● Provided records:
════
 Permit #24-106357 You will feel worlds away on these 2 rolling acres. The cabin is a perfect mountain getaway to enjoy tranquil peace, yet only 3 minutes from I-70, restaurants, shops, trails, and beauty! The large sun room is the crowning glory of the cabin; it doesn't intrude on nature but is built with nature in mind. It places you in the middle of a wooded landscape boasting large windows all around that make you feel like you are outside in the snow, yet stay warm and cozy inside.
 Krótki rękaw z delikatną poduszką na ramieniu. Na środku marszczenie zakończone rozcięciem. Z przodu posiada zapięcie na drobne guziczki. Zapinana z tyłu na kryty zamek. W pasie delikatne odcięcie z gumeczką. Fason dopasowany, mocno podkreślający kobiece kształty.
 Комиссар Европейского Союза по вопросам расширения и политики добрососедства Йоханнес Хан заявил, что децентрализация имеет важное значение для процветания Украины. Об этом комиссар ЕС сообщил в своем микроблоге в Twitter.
════
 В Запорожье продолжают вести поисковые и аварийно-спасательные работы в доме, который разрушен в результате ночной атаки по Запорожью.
════
● What to work on:
Everything in the material above from the line that has "Krótki rękaw z" through the line that has "Комиссар Европейского Союза" must be duplicated exactly, with no other lines given.

● Response for this exercise:
 Krótki rękaw z delikatną poduszką na ramieniu. Na środku marszczenie zakończone rozcięciem. Z przodu posiada zapięcie na drobne guziczki. Zapinana z tyłu na kryty zamek. W pasie delikatne odcięcie z gumeczką. Fason dopasowany, mocno podkreślający kobiece kształty.
 Комиссар Европейского Союза по вопросам расширения и политики добрососедства Йоханнес Хан заявил, что децентрализация имеет важное значение для процветания Украины. Об этом комиссар ЕС сообщил в своем микроблоге в Twitter.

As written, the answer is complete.